AzureSearch and Media

Heads Up!

This article is several years old now, and much has happened since then, so please keep that in mind while reading it.

At the start of this year i got to start on my third Umbraco project ever. And one of the things we needed to build was a search functionality. After some time checking the options:

  • Examine
  • Solr
  • Azure Search

We decided to use Azure search.

The main reason behind that decision is that it is scalable, a colleague was already using it on another project, the website was going to be hosted on Azure and the media files are saved in Azure Blob storage so that was a win-win.

This article will focus on getting Azure search to work with indexing media content in the likes of word docs and pdf’s. The indexing of media like this is not part of the base project we used to get AzureSearch working.

The Base

First of all the base of our code is the Azure Project by Darren Ferguson, which you can find here:

This gave us the basic gist of what we wanted to accomplish but still missed some elements we needed. We had to copy the project because at the time we started using it the package was not yet available. The major difference is that the project uses JSON to store its configuration. This did not work for us as that cannot be transformed in Visual Studio like XML can. So we replaced the JSON with a XML structure file.

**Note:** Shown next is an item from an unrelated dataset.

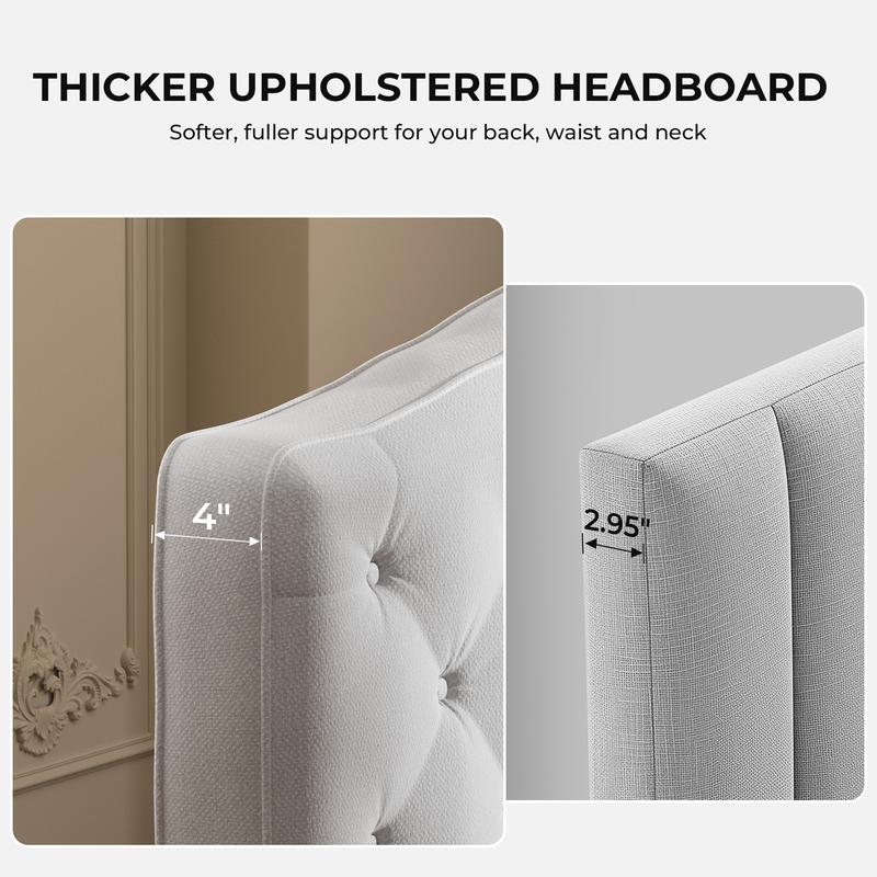 ¡ăExtra-Thick 4 In Cushionă: The generously padded cushion of queen headboard, filled with high-density, high-resilience foam, offers enhanced support for your back, waist, and neck. Enjoy a more comfortable posture while reading, watching TV, or using your laptop or phone in bedâeven for extended periodsâwithout the discomfort of soreness or strain.

After we changed the config from JSON to an XML structure we had the search up and running in no time, however we needed three more things that we not present in the project:

  • Keyword highlighting
  • Search PDF
  • Search Office docs; Word & excel

The rest of this article will focus on the three functions mentioned above, and i will assume you have some knowledge about AzureSearch and Darrens Project. If you do not please read the readme file of Darrens Project.

Keyword Highlighting

Keyword Highlighting is a built in feature in Azure Search. So that’s just some config changes and we are good to go right? Well no you still need to do some minor coding.

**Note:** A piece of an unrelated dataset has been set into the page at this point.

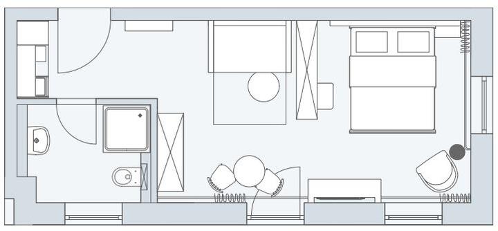 - Wohn-/Schlafzimmer, 3 Personen

There are two steps to take to activate it.

  1. Config.
  2. Display highlighted keywords

Config

First of all we need to tell Azure Search which indexed fields in can use as it’s source. This is done in the config file.

<HighlightFields>pageTitle,articleIntro,articleText,contentRowsPicker,mediaText</HighlightFields>

In the example above you can see the names of the fields we look have the keyword.

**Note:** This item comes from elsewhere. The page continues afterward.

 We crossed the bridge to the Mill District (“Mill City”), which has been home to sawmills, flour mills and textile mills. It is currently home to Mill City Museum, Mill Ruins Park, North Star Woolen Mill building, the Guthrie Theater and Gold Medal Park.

This is the first part, it tells Azure Search in what fields it can look for the keyword. Next we need to tell it how the Search result text should look like when it is present in one of those fields.

This can be done by setting the following parameters in the SearchParameters object.

The code below can be directly added to the “GetSearchParameters” method.

Right about here:

sp.HighlightPreTag = HttpUtility.HtmlEncode("<span class='highlight'>");
sp.HighlightPostTag = HttpUtility.HtmlEncode("</span>");
sp.HighlightFields = new List<string>();

if (!string.IsNullOrEmpty(this._config.HighlightFields))
{
    var splitHighlightFields = this._config.HighlightFields.Split(',');
    foreach (var field in splitHighlightFields)
    {
        if (!string.IsNullOrEmpty(field))
        {
            sp.HighlightFields.Add(field);
        }
    }
}

Setup of the Highlights

Here we see three things:

  1. You can use any HTML you want to denote the keyword
  2. You have to HTML Encode the HTML because it will be passed to the AzureSearch API in HTML.
  3. We take the value from the config file, and add all the FieldNames to the HighlightFields list.

We have now added the basic config needed for Keyword Highlighting, now we need to make sure we display it.

Display

When looping through your search results we now have a choice.
We can either use the default Title and Text of a SearchItem, or if the searchItem has Highlights use them.

Now the standard SearchResult class did not have a “HitHighlights” property we added this.
When using Darrens project it’s best to add the property in the following class and interface


In our case we choose to loop through the search results and check if the “Highlights” property has any hits for highlights and if so loop through them and populate the fields we want/need.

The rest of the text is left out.